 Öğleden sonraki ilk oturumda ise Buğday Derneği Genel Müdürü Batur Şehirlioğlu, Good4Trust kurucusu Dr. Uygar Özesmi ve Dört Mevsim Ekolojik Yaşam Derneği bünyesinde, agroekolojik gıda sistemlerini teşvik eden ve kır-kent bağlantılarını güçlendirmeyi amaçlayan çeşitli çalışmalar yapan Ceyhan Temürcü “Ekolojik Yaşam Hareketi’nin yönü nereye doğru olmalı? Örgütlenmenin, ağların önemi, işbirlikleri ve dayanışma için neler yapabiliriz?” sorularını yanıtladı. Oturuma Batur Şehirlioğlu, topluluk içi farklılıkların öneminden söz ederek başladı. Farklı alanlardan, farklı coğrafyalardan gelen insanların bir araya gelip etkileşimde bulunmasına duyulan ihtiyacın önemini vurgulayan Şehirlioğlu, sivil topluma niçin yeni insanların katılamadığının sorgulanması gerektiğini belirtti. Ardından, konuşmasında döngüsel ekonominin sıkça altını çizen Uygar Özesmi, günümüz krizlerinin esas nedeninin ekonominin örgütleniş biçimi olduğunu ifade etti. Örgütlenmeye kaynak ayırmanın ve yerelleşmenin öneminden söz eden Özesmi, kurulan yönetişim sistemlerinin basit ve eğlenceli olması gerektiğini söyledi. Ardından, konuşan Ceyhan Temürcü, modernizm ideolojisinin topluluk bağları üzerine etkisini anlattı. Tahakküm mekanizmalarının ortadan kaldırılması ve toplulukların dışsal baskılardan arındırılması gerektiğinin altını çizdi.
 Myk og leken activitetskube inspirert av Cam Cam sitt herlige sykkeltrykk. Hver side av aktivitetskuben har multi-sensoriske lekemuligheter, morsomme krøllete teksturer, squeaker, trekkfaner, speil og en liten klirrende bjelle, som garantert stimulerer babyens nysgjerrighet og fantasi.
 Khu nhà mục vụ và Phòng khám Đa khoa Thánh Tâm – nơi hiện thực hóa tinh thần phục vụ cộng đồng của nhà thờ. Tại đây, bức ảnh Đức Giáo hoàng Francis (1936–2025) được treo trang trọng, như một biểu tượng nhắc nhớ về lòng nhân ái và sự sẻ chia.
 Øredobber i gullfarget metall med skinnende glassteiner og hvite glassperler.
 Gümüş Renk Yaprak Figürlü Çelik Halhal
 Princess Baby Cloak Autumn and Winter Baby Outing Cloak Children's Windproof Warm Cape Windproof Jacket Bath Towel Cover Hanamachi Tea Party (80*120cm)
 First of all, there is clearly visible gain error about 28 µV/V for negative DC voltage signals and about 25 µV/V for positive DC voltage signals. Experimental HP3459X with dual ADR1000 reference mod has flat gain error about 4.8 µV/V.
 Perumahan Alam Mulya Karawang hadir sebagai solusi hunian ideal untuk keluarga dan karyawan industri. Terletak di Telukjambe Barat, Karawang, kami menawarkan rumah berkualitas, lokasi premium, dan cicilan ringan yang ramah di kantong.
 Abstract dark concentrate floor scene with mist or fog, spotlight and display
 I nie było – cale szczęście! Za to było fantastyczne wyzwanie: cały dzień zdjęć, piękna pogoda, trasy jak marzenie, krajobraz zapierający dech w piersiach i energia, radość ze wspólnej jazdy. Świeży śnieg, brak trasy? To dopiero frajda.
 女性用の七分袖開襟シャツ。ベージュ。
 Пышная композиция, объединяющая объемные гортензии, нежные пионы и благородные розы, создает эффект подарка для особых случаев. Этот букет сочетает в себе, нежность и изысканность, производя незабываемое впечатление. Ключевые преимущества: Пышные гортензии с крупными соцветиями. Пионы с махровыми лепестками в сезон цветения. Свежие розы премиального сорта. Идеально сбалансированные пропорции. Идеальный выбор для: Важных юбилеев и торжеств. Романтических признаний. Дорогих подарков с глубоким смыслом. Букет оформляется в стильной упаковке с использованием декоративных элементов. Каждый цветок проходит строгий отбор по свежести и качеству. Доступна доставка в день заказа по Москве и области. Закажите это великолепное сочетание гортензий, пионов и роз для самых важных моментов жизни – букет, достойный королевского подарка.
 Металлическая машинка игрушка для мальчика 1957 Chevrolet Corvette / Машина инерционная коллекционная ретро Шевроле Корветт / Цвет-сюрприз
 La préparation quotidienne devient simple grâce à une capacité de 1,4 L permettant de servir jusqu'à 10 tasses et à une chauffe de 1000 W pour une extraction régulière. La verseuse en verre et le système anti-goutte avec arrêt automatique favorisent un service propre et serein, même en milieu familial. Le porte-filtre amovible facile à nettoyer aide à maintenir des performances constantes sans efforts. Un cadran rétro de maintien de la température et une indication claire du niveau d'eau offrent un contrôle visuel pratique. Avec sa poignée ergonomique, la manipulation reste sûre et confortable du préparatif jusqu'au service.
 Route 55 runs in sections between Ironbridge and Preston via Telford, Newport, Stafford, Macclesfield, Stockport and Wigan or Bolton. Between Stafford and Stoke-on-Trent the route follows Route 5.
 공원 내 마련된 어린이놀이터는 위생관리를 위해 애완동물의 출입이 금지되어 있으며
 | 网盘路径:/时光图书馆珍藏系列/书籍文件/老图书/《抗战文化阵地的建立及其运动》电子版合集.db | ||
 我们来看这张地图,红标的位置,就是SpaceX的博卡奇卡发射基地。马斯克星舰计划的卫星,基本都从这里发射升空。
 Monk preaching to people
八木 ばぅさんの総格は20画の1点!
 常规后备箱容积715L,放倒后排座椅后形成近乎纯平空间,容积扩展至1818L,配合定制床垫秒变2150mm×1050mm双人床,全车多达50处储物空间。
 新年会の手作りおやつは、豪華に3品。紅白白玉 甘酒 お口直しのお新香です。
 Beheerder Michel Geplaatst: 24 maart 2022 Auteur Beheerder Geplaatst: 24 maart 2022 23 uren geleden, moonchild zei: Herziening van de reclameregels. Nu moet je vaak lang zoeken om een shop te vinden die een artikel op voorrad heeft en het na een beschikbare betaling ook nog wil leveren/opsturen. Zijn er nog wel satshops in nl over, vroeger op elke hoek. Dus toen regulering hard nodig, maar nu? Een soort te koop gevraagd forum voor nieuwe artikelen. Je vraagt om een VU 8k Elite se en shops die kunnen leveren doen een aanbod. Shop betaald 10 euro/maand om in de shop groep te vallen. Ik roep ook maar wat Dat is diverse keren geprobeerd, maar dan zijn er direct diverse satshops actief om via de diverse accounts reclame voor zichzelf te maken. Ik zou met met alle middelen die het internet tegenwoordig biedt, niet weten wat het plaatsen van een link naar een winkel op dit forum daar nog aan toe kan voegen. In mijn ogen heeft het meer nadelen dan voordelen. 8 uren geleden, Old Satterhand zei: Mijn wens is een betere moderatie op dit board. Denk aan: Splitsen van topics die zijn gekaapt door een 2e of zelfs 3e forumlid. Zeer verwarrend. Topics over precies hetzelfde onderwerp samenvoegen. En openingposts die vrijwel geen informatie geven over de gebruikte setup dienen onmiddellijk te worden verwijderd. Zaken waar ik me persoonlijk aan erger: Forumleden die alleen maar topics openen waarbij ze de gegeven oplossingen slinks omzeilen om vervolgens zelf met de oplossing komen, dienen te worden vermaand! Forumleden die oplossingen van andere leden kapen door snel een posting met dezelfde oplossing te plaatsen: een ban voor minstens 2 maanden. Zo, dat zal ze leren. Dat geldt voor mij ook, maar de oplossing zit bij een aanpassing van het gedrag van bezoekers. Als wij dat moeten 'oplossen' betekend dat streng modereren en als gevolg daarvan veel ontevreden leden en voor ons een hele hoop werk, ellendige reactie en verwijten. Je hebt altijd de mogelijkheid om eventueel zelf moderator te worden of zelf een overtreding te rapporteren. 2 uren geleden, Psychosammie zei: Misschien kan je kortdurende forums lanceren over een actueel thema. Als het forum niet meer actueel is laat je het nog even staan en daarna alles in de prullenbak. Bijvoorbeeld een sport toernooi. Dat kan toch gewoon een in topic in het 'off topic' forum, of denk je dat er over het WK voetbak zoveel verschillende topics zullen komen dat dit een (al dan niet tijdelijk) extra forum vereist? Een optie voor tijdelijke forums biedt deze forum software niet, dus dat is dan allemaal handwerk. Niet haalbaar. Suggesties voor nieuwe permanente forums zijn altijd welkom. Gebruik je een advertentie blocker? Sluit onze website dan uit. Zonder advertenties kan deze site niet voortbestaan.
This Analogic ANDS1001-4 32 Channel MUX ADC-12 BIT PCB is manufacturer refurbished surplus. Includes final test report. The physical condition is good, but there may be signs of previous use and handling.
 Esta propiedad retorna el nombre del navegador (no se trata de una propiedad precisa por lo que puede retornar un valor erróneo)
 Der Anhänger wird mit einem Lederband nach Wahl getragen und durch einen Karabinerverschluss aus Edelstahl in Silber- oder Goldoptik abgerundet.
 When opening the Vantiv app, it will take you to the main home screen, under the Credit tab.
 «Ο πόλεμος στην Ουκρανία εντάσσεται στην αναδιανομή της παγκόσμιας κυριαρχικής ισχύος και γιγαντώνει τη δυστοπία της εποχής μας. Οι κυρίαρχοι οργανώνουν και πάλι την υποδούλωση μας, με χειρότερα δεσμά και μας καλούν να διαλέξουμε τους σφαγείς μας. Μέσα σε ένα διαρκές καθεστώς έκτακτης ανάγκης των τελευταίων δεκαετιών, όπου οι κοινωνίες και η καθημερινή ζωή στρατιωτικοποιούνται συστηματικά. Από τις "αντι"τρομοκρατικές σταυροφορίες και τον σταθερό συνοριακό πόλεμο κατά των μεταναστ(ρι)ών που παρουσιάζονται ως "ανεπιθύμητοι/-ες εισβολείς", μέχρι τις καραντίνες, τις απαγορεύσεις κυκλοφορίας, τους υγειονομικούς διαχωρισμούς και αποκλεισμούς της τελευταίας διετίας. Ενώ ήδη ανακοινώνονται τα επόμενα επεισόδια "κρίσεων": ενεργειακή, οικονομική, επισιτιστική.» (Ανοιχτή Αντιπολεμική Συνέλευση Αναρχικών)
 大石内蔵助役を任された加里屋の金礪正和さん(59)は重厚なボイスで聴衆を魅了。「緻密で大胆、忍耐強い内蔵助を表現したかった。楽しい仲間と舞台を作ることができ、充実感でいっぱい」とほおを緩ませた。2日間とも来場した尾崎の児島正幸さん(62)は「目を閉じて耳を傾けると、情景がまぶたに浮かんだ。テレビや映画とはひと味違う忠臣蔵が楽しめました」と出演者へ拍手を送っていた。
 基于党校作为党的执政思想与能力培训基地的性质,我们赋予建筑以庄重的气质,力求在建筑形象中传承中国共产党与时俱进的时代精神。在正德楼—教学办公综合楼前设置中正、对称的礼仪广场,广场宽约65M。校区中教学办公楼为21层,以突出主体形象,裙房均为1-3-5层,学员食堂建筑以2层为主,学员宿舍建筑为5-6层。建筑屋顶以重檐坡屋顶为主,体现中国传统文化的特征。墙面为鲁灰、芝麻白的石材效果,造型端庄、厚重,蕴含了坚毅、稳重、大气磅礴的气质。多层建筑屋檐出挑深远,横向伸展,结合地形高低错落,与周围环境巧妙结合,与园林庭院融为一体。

Task directions —
Of the lines above, output exactly those from the line bearing "First of all, there" through the line bearing "Perumahan Alam Mulya", inclusive.

Solution to this exercise —
 First of all, there is clearly visible gain error about 28 µV/V for negative DC voltage signals and about 25 µV/V for positive DC voltage signals. Experimental HP3459X with dual ADR1000 reference mod has flat gain error about 4.8 µV/V.
 Perumahan Alam Mulya Karawang hadir sebagai solusi hunian ideal untuk keluarga dan karyawan industri. Terletak di Telukjambe Barat, Karawang, kami menawarkan rumah berkualitas, lokasi premium, dan cicilan ringan yang ramah di kantong.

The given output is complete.